Sampling: 2,000 posterior draws (after 1,000 tuning) with target_accept=0.9 for robust convergence.
import pymc3 as pm
with pm.Model() as rental_model:
# Priors
α = pm.Normal("α", mu=0, sigma=1) # intercept
β = pm.Normal("β", mu=0, sigma=1, shape=X_train_s.shape[1])
σ = pm.HalfNormal("σ", sigma=1) # noise scale
# Linear predictor
μ = α + pm.math.dot(X_train_s, β)
# Likelihood: daily_rate observed
Y_obs = pm.Normal("Y_obs", mu=μ, sigma=σ, observed=y_train)
# MCMC sampling
trace = pm.sample(
draws=2000, # posterior draws
tune=1000, # burn‑in
target_accept=0.9,
return_inferencedata=True
)
Posterior Analysis & Point Predictions
- Posterior predictive: Generates predictive distributions, from which we compute point forecasts and a 94% Highest Posterior Density interval.
- Evaluation: Mean Absolute Error on held‑out machines quantifies the average deviation of our rate predictions.
import arviz as az
from sklearn.metrics import mean_absolute_error
# Summarize posterior
az.summary(trace, round_to=2)
# Posterior predictive sampling
with rental_model:
ppc = pm.sample_posterior_predictive(trace, var_names=["Y_obs"])
# Posterior means for α and β
α_post = trace.posterior["α"].mean().item()
β_post = trace.posterior["β"].mean(dim=["chain","draw"]).values
# Point forecasts
y_pred = α_post + X_test_s.dot(β_post)
# Evaluate MAE
mae = mean_absolute_error(y_test, y_pred)
print(f"Test MAE: ${mae:.2f} per day")
Visualise Predictions & Credible Intervals
By varying machine‐hours (wear) and holding other features constant, we plot both the posterior mean rental rate curve and its 94% credible band—showing how higher‑hour machines command lower rates and how uncertain that relationship is.
import numpy as np
import matplotlib.pyplot as plt
# Sweep 'hours' (machine wear) from min to max
hours_grid = np.linspace(X_train_s[:,1].min(), X_train_s[:,1].max(), 100)
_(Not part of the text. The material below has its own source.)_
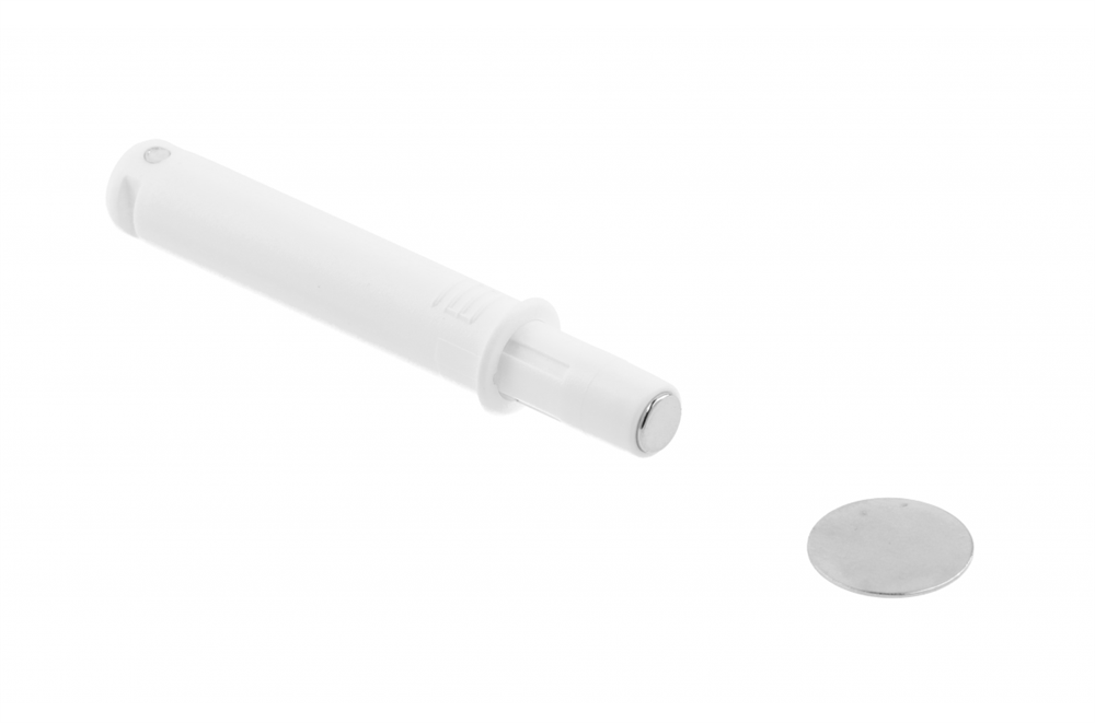 Выталкиватель AM-OWM короткий с магнитным окончанием, белый - приспособление для открытия створки фасада или выдвижения ящика без использования мебельной ручки. Вы нажимаете на дверцу шкафа или лицевую сторону ящика, и срабатывает система Push to open. Благодаря магнитному окончанию цилиндра-демпфера, осуществляется дополнительная фиксация дверцы или ящика в закрытом состоянии. Выталкиватель устанавливается посредством врезки в торец корпуса мебельной конструкции.

grid = np.median(X_train_s, axis=0)[None,:].repeat(100, axis=0)
grid[:,1] = hours_grid
with rental_model:
ppc_grid = pm.sample_posterior_predictive(trace,
var_names=["Y_obs"],
samples=1000)
preds = ppc_grid["Y_obs"]
mean_pred = preds.mean(axis=0)
hpd = az.hdi(preds, hdi_prob=0.94)
# Back-transform hours
hours_orig = scaler.inverse_transform(grid)[:,1]
plt.figure(figsize=(8,5))
plt.plot(hours_orig, mean_pred, label="Posterior mean")
plt.fill_between(hours_orig, hpd[:,0], hpd[:,1], alpha=0.3,
label="94% credible interval")
plt.scatter(
scaler.inverse_transform(X_test_s)[:,1],
y_test, color="k", alpha=0.5, label="Test data"
)
plt.xlabel("Machine Hours")
plt.ylabel("Estimated Daily Rental Rate (USD)")
plt.title("Bayesian Regression: Rate vs. Machine Hours")
plt.legend()
plt.tight_layout()
plt.show()
Summary
This Bayesian Regression workflow for Equipment Rental Cost Prediction delivers:
1. Point forecasts of daily rental rates from machine attributes and wear metrics.
2. Credible intervals that quantify prediction uncertainty—key for contract negotiations and fleet utilization planning.
3. Actionable insights: rental companies can price equipment under uncertainty, plan maintenance cycles, and optimize fleet deployment with risk‑aware rate estimates.